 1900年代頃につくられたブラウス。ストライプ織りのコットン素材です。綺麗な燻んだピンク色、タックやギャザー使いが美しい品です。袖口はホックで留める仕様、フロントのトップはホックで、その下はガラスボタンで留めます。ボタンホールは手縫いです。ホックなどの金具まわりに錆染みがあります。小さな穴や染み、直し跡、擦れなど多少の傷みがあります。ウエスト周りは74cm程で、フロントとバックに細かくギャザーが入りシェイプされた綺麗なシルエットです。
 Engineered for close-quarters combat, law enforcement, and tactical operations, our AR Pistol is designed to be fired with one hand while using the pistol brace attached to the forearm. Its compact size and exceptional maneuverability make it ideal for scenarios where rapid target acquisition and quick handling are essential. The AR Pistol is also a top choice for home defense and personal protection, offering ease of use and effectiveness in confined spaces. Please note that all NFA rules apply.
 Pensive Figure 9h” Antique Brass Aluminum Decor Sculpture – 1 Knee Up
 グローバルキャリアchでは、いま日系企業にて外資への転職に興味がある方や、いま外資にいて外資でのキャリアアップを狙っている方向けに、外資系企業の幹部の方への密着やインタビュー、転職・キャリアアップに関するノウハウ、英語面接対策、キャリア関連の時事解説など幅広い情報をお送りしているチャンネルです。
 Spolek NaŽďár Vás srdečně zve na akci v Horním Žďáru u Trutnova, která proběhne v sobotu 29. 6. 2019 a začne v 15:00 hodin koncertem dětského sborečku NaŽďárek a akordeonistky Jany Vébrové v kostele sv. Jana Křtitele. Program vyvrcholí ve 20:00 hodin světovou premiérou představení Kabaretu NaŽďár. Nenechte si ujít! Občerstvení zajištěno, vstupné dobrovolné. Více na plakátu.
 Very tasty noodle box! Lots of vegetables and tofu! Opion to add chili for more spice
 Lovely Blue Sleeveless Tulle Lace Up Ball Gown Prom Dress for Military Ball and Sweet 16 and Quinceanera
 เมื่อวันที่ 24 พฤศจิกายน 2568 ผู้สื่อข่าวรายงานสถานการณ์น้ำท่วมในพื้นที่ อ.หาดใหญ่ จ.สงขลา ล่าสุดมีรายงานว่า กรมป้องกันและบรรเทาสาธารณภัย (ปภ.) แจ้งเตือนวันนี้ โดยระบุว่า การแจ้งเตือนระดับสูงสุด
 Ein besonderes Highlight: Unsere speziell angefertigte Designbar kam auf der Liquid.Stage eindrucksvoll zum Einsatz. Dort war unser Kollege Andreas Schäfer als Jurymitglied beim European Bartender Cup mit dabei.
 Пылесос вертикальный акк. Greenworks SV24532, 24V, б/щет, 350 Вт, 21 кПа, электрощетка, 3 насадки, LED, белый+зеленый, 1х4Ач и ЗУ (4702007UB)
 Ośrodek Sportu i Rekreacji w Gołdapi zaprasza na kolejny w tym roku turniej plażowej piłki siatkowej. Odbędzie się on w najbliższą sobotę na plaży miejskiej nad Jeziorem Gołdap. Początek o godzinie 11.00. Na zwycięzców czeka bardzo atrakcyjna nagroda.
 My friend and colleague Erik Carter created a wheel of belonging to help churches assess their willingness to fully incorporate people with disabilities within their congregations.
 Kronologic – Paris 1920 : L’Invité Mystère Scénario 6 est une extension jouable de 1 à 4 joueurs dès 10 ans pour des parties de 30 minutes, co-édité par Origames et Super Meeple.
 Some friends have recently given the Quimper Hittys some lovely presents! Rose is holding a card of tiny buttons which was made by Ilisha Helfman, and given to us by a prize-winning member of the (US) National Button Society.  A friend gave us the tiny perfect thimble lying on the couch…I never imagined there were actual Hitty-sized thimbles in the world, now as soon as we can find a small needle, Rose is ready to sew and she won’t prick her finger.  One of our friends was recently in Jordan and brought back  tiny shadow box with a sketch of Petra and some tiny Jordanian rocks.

● **PROBLEM REQUIREMENTS**
Please copy, exactly as written, every line in the listing above from the line with "Very tasty noodle" up to and including the line with "Kronologic – Paris".

● **ANSWER TO THE EXERCISE**
 Very tasty noodle box! Lots of vegetables and tofu! Opion to add chili for more spice
 Lovely Blue Sleeveless Tulle Lace Up Ball Gown Prom Dress for Military Ball and Sweet 16 and Quinceanera
 เมื่อวันที่ 24 พฤศจิกายน 2568 ผู้สื่อข่าวรายงานสถานการณ์น้ำท่วมในพื้นที่ อ.หาดใหญ่ จ.สงขลา ล่าสุดมีรายงานว่า กรมป้องกันและบรรเทาสาธารณภัย (ปภ.) แจ้งเตือนวันนี้ โดยระบุว่า การแจ้งเตือนระดับสูงสุด
 Ein besonderes Highlight: Unsere speziell angefertigte Designbar kam auf der Liquid.Stage eindrucksvoll zum Einsatz. Dort war unser Kollege Andreas Schäfer als Jurymitglied beim European Bartender Cup mit dabei.
 Пылесос вертикальный акк. Greenworks SV24532, 24V, б/щет, 350 Вт, 21 кПа, электрощетка, 3 насадки, LED, белый+зеленый, 1х4Ач и ЗУ (4702007UB)
 Ośrodek Sportu i Rekreacji w Gołdapi zaprasza na kolejny w tym roku turniej plażowej piłki siatkowej. Odbędzie się on w najbliższą sobotę na plaży miejskiej nad Jeziorem Gołdap. Początek o godzinie 11.00. Na zwycięzców czeka bardzo atrakcyjna nagroda.
 My friend and colleague Erik Carter created a wheel of belonging to help churches assess their willingness to fully incorporate people with disabilities within their congregations.
 Kronologic – Paris 1920 : L’Invité Mystère Scénario 6 est une extension jouable de 1 à 4 joueurs dès 10 ans pour des parties de 30 minutes, co-édité par Origames et Super Meeple.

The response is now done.